Simple implementation of the JobLauncher interface. The Spring Core TaskExecutor interface is used to launch a Job. This means that the type of executor set is very important. If a SyncTaskExecutor is used, then the job will be processed within the same thread that called the launcher. Care should be taken to ensure any users of this class understand fully whether or not the implementation of TaskExecutor used will start tasks synchronously or asynchronously. The default setting uses a synchronous task executor.

More details and configuration options - here.

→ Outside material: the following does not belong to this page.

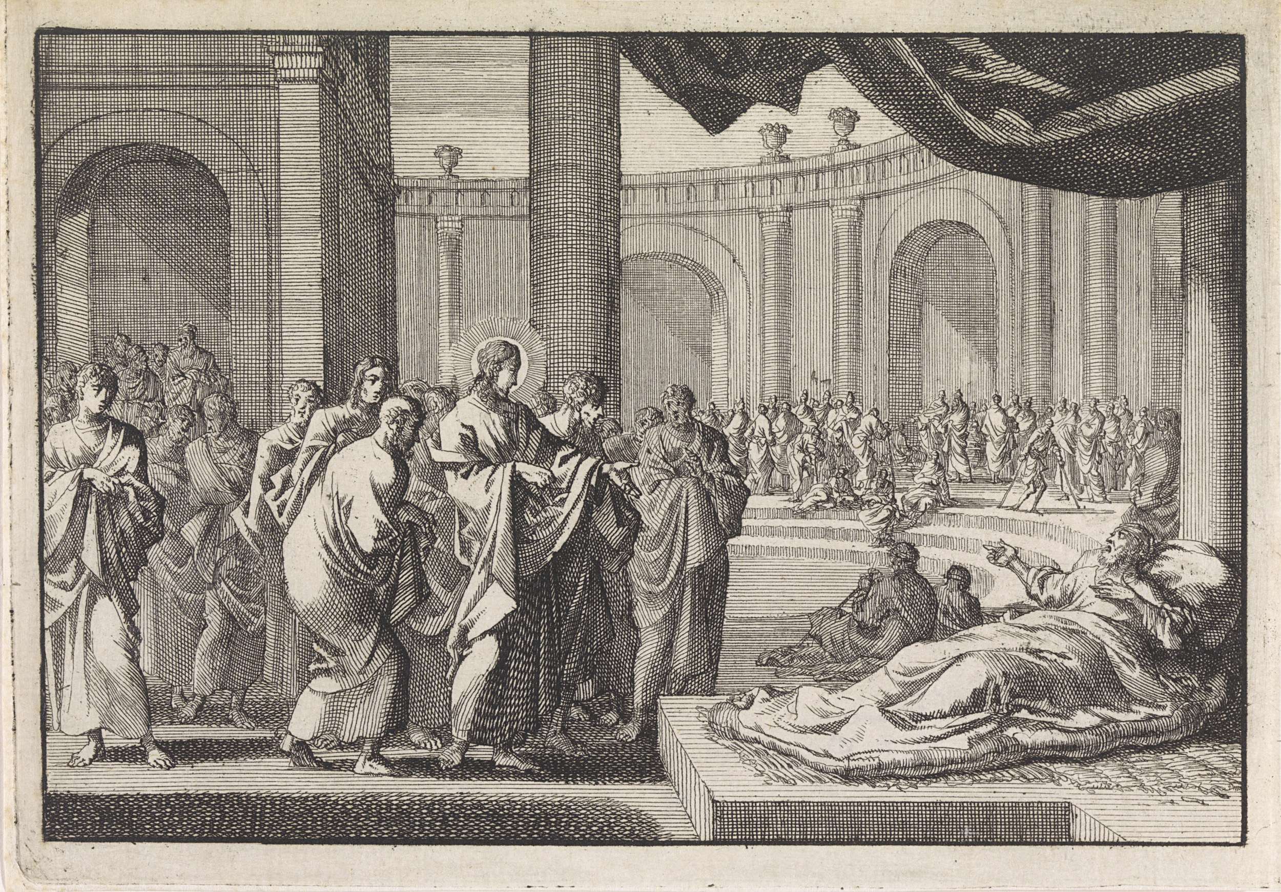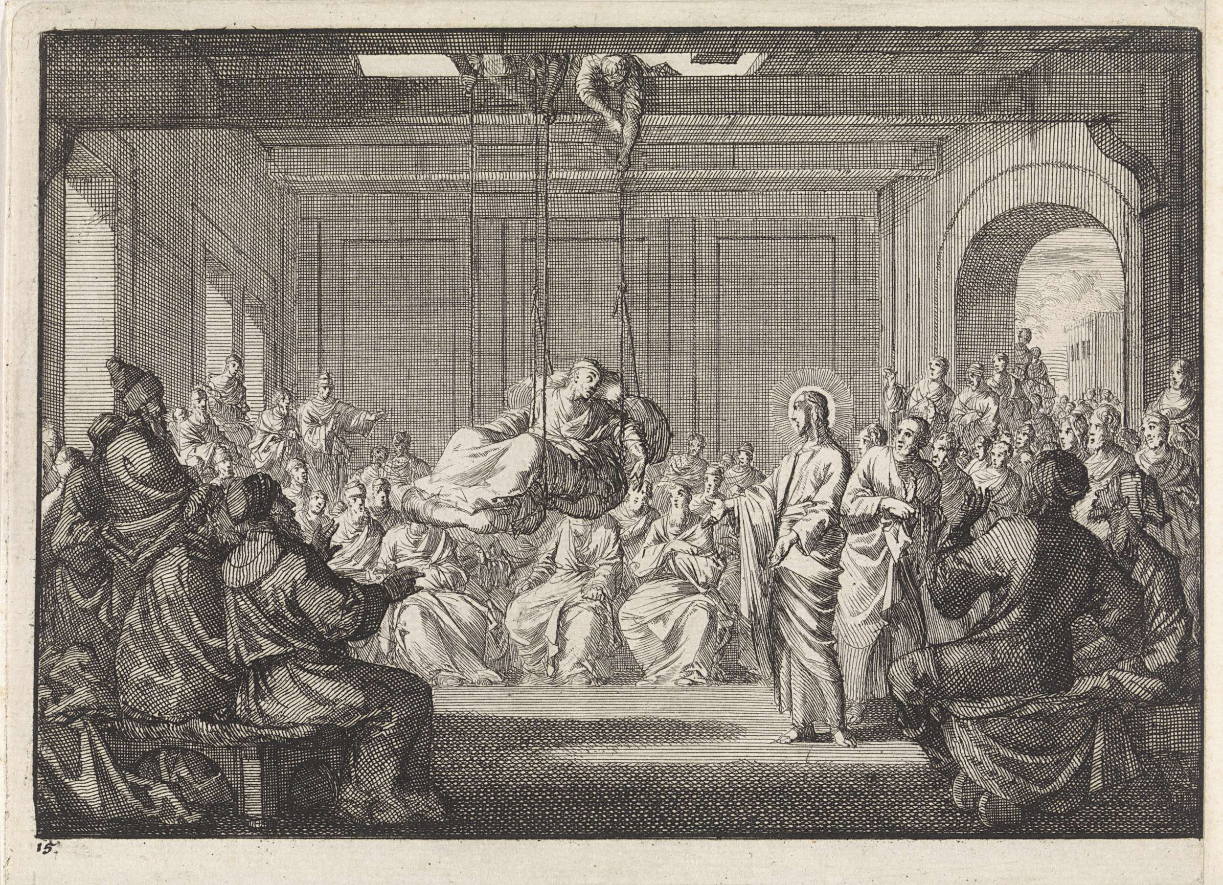 Christus geneest een verlamde man die door het dak w...

At the end just create the jobs with different names and/or launch them with different parameter set. Naive example would be:

  @Autowired
  public JobBuilderFactory jobBuilderFactory;

  public Job createJobA() {
    return jobBuilderFactory.get("A.txt")
                            .incrementer(new RunIdIncrementer())
                            .flow(step1())
                            .next(step2())
                            .end()
                            .build();
  }

  public Job createJobB() {
    return jobBuilderFactory.get("B.txt")
                            .incrementer(new RunIdIncrementer())
                            .flow(step1())
                            .next(step2())
                            .end()
                            .build();
  }

Executing these jobs with your asynchronous job launcher will create two job instances that which will execute in parallel. This is just one option, that may or may not be suitable for your context.